Results after the 2000 turns, some at 3000 (i.e. after the 15th minute, we can reasonably assume players are skirmishing and have a solid amount of pop by then)

I was looking at which components and messages take the most time. Using an MP replay of a 2v2 for these.
In terms of component Guard is an obvious bottleneck, taking often upwards of 5ms for no good reason. It needs to be rewritten.
UnitMotion is fairly slow (7ms). UnitAI on its own is somewhat slow. And when they show up, range manager and mirage can be slow.
The slowest is by far Timer.js though.

Looking at that one specifically, it's because of unitAI. Though Damage calls can be slow too.
For unitAI, it's mostly because everything is too slow. The Gather timer is easily 7ms per turn, Combat when it shows up is terrible, Repair is slow too. Everything needs to be sped up.

**wraitii** · October 18, 2016

Looking more specifically at Gather, it seems the slower parts are the following:

-The initial call to "CheckTargetRange and CanGather". Can probably be slightly optimized. About 1ms at turn 1500. Probably slow because called so often and may call CPP
-The case where we need to find a nearby resource or dropsite (haven't looked in detail but most likely the first).
-The call to return to the nearest dropsite when we're full (about 2ms)
-The actual call to cmpResourceGatherer.PerformGather. This is the big one, 5ms on average at turn 1500.

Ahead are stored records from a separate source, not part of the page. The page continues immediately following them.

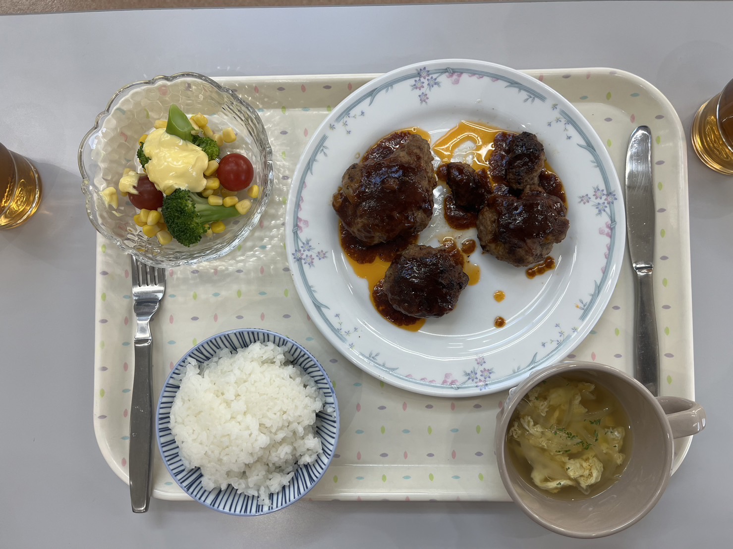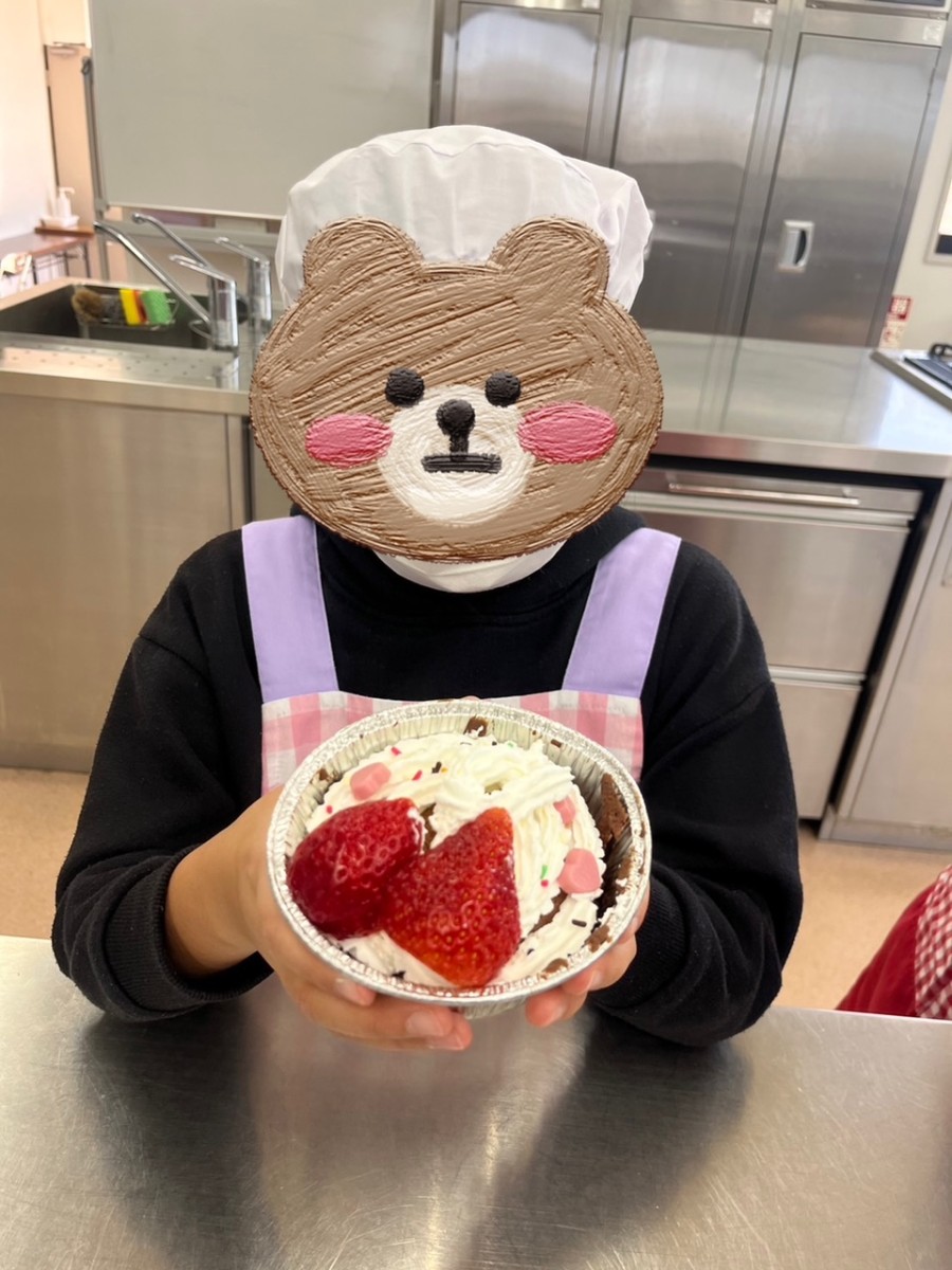 食事作りを楽しむことができることは、食育の第一歩ですよね!献立はハンバーグ、卵スープ、サラダ、チョコカップケーキです。
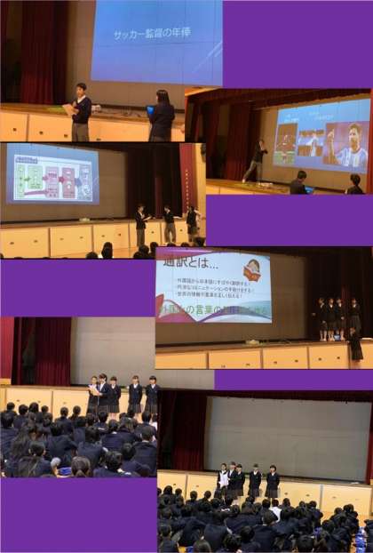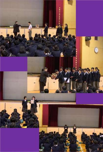 続いて、生徒会の進行で、ラグビー部の表彰、元気アップ漢字検定学習会皆勤賞の授与、国際クラブ朝文研の活動で韓国・朝鮮語弁論大会に参加した1年生2人が同内容を披露、2年生からはキャリア教育の一環で各班、仕事についてのプレゼンを行った大会での優秀な3班が同内容でプレゼンをしました。
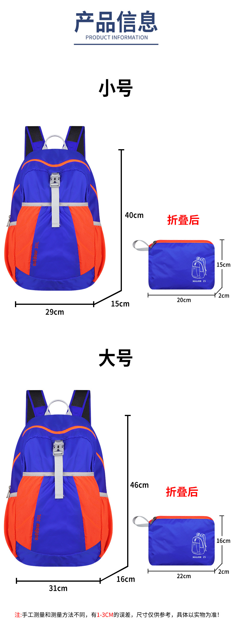 남성과 여성을 위한 경량 초박형 접이식 배낭, 스킨 등산 가방, 야외 하이킹 및 러닝 가방, 휴대용 여행 배낭

This is annoying because this last call is slow mostly because of:
-The PostMessage "ResourceCarryingChanged"
-The PostMessage in ResourceSupply "ResourceSUpplyChanged"
-The call to Fogging

We should consider directly calling AIProxy for those, perhaps that would make it faster. Another thing we could do is wait for turn end to send the resource supply message, since often a resource is worked on by many entities and we might avoid sending repetitive messages that way (unsure).

Another thing is that in MP in particular the timer may get called several times per frame, and we are not "clever", we call everything twice, which is wasting resources. We might win some time by calling the timer less often. Not sure exactly how often that happens with resources though, but if it happens it's late-game where lag is already bad, compounding the issue.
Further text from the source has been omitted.